What is a model?

1. What is a model?#

“All models are wrong…but some models are useful.” – George Box (maybe)

What are some types of models you’ve ? (let’s aim for a diverse list)

Role model
Linear regression model
classification model
arma model (time-series model)
logistic regression model
super model
model organism
clustering model
large language model
template
lego model
architectural model
model train

Okay, then what is a model?

input, output
framework to follow
function
mold
simplifications/abstractions of real phenomena

How are models useful? What are their limitations?

import pandas as pd
import matplotlib.pyplot as plt

sp500 = pd.read_csv('https://raw.githubusercontent.com/GettysburgDataScience/datasets/refs/heads/main/sp500_1950_2025_weekly.csv', 
                    parse_dates = ['Date'], thousands = ',')
sp500.head()

	Date	Price	Open	High	Low	Vol.	Change %
0	2025-08-31	6437.47	6386.45	6445.17	6360.53	NaN	-0.35%
1	2025-08-24	6460.26	6457.67	6508.23	6429.21	NaN	-0.10%
2	2025-08-17	6466.91	6445.02	6478.89	6343.86	NaN	0.27%
3	2025-08-10	6449.80	6389.67	6481.34	6364.06	NaN	0.94%
4	2025-08-03	6389.45	6271.71	6395.16	6271.71	NaN	2.43%

murders_df = pd.read_csv('https://raw.githubusercontent.com/GettysburgDataScience/datasets/refs/heads/main/cdc_murdermortality_2023.csv',
                         thousands = ',')
murders_df.describe()

	YEAR	RATE	DEATHS
count	502.000000	477.000000	502.000000
mean	2018.515936	6.598323	413.547809
std	2.880651	3.969087	458.695970
min	2014.000000	0.000000	10.000000
25%	2016.000000	3.600000	72.250000
50%	2019.000000	6.100000	262.000000
75%	2021.000000	8.500000	603.500000
max	2023.000000	33.100000	2495.000000

murders_df['POP'] = murders_df['DEATHS']/murders_df['RATE']
murders_df.head()

	YEAR	STATE	RATE	DEATHS	URL	POP
0	2023	AL	14.8	717	/nchs/state-stats/states/al.html	48.445946
1	2023	AK	8.5	61	/nchs/state-stats/states/ak.html	7.176471
2	2023	AZ	7.5	531	/nchs/state-stats/states/az.html	70.800000
3	2023	AR	11.3	325	/nchs/state-stats/states/ar.html	28.761062
4	2023	CA	5.1	1972	/nchs/state-stats/states/ca.html	386.666667

hw_df = pd.read_csv('https://raw.githubusercontent.com/GettysburgDataScience/datasets/refs/heads/main/SOCR-HeightWeight.csv',
                    index_col = 0)
hw_df.head()

	Height(Inches)	Weight(Pounds)
Index
1	65.78331	112.9925
2	71.51521	136.4873
3	69.39874	153.0269
4	68.21660	142.3354
5	67.78781	144.2971

fig, ax = plt.subplots(1, 3, figsize = (20, 5))

# Height vs Weight
ax[0].scatter(hw_df['Height(Inches)'], hw_df['Weight(Pounds)'], s = 1, alpha = 0.2)
ax[0].set_title('US Height vs Weight')
ax[0].set_xlabel('Height (in)')
ax[0].set_ylabel('Weight (lbs)')

# Homocides
murders2023_df = murders_df.query('YEAR==2023')
ax[1].scatter(murders2023_df['POP'], murders2023_df['DEATHS'], s = 10)

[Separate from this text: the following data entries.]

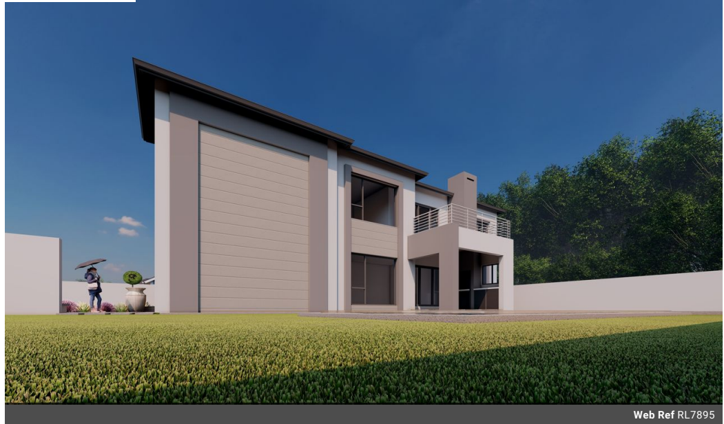
Web Ref RL7895

Thornhill Office Park Building 10 84 Bekker Rd Vorna Valley Midrand 1686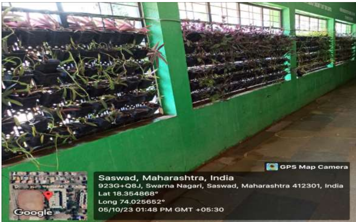
Green wall in College Building

The college campus is full of greenery. There is a plantation of local flora along with some ornamental plants. Also, there is a green wall developed by students.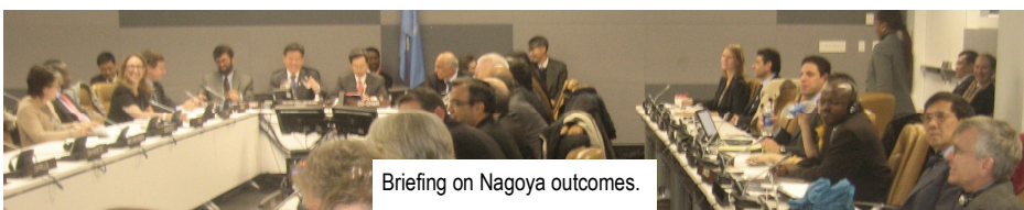
Briefing on Nagoya outcomes.

To view the statement by the U.N. Secretary General in welcoming the Nagoya Protocol, please go to: http://www.un.org/News/Press/docs/2010/sgsm13216.doc.htm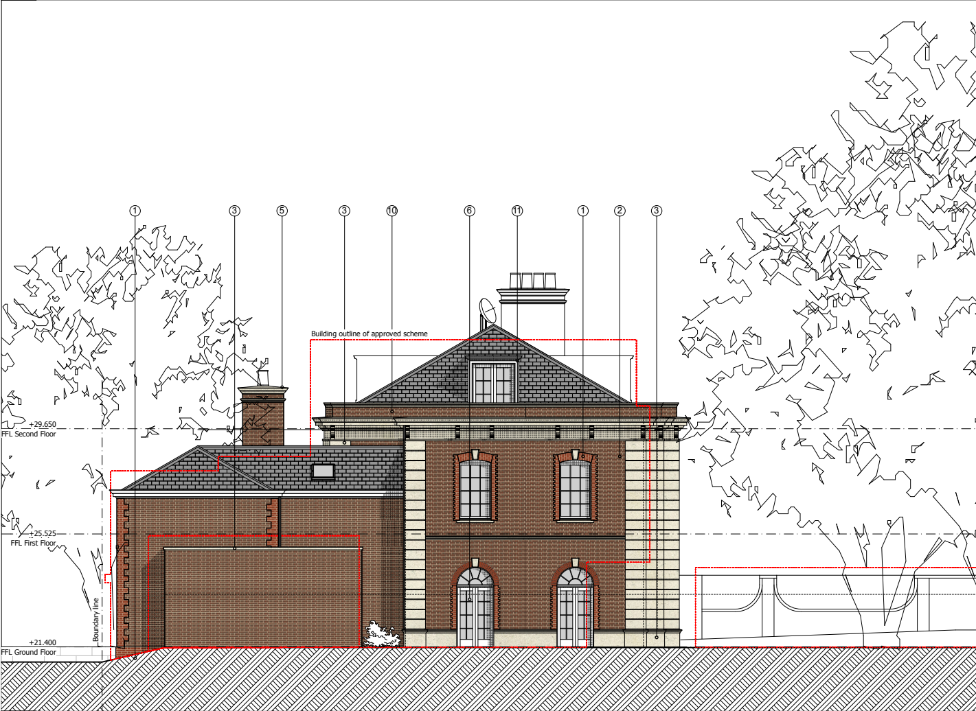
2 SOUTH WEST ELEVATION

for i, row in murders2023_df.iterrows():
    ax[1].annotate(row['STATE'], (row['POP'], row['DEATHS']), fontsize=8, alpha = 0.5)

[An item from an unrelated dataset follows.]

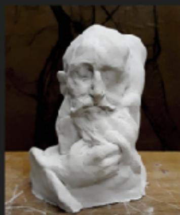
El sueño de Alonso Quijano

RESIN AND FIBERGLASS AND BRONZE | 31 X 19 X 17 CM | ORIGINAL WORK 1/7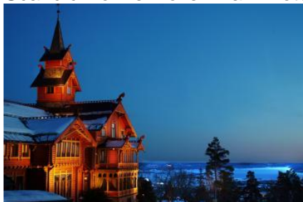
Scandic Holmenkollen Park Hotel, Oslo

ax[1].set_title('2023 Homocides by population for US states')
ax[1].set_xlabel('Population (100K residents)')
ax[1].set_ylabel('Homocides')

# S&P 500
ax[2].plot(sp500['Date'], sp500['Price'])

ax[2].set_title('S&P500 over time')
ax[2].set_ylabel('Price at end of week ($)')
ax[2].set_xlabel('Date')

plt.show()

../_images/0d1750819a37d17fb8250f7a31932f5b3a0deac2fb95a8e9774ff0aaf19f7859.png

Answer the following questions based on the plots above.

US Height vs Weight

Given a room of 1000 Americans, what do you think the average height and weight would be?
Suppose a 6’ American (72 in), how much would you predict them to weigh?
What information might change your answers above?

US Homocides

Which states have a number of homocides above expectation?
If there were a new state with 30M residents, how many homocides would you expect?

S&P 500

When has the economy experienced there significant bubbles or recessions?
What do you expect the SP500 price to be in 2030?

How did you arrive at your answers for these questions?